#### INPUT FOR THIS TASK

......

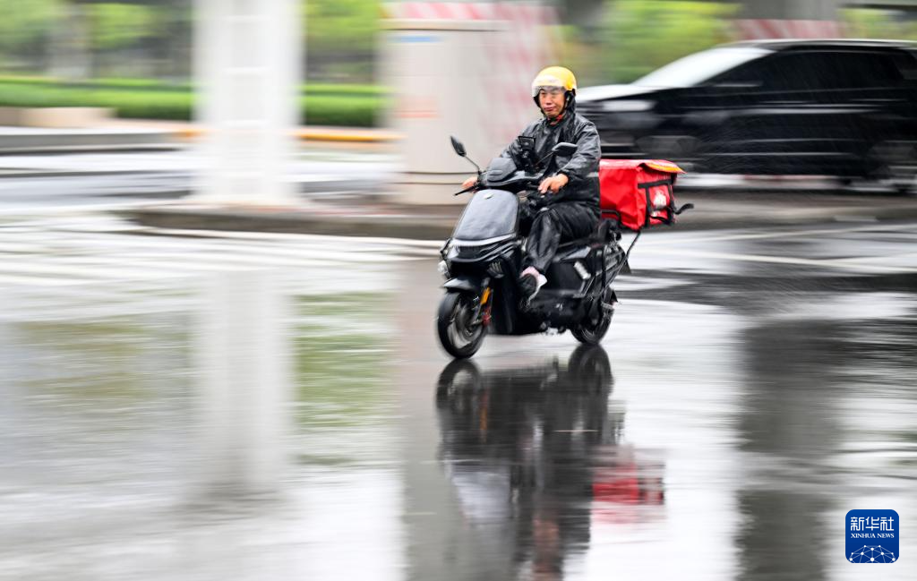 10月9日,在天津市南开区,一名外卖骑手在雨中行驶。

......

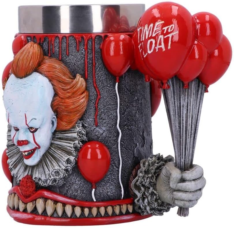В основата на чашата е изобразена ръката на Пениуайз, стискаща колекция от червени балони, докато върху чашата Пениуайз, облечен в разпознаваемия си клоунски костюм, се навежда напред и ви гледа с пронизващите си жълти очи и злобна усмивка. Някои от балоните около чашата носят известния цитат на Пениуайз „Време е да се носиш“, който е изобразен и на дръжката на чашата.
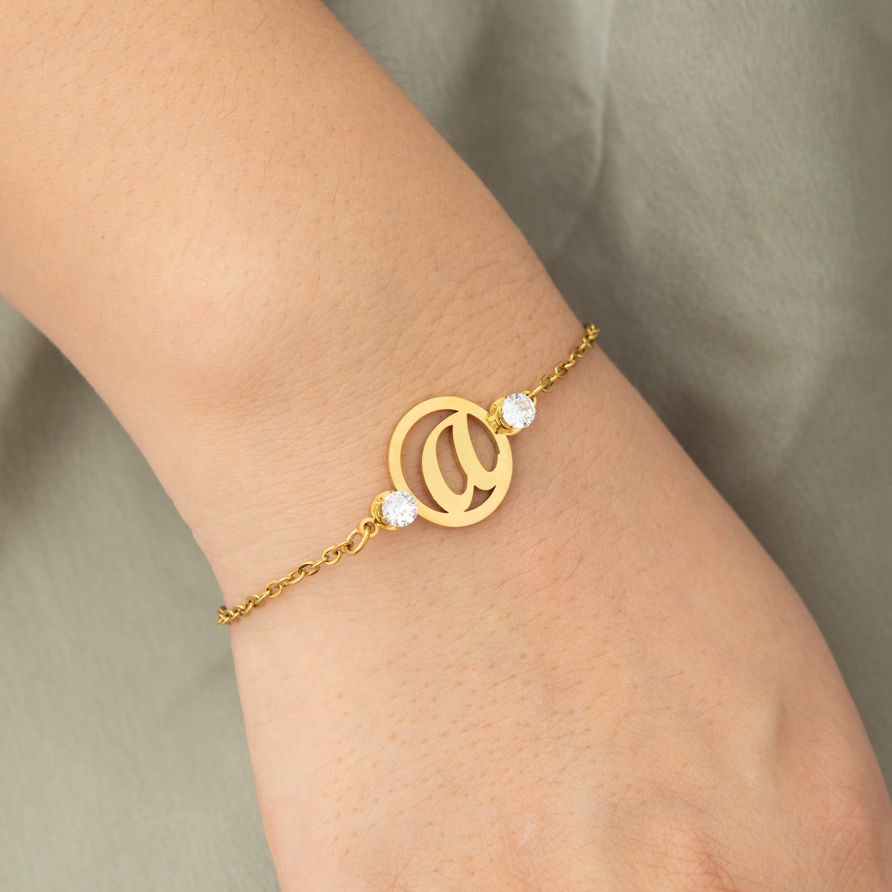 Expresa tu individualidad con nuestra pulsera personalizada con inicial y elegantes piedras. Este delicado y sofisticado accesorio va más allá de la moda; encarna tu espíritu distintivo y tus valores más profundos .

......

#### EXERCISE
Each line above starting at the one holding "В основата на" and ending at the one holding "Expresa tu individualidad" should be set down exactly as it stands, both ends included, with no pictures.

#### TASK SOLUTION
В основата на чашата е изобразена ръката на Пениуайз, стискаща колекция от червени балони, докато върху чашата Пениуайз, облечен в разпознаваемия си клоунски костюм, се навежда напред и ви гледа с пронизващите си жълти очи и злобна усмивка. Някои от балоните около чашата носят известния цитат на Пениуайз „Време е да се носиш“, който е изобразен и на дръжката на чашата.
 Expresa tu individualidad con nuestra pulsera personalizada con inicial y elegantes piedras. Este delicado y sofisticado accesorio va más allá de la moda; encarna tu espíritu distintivo y tus valores más profundos .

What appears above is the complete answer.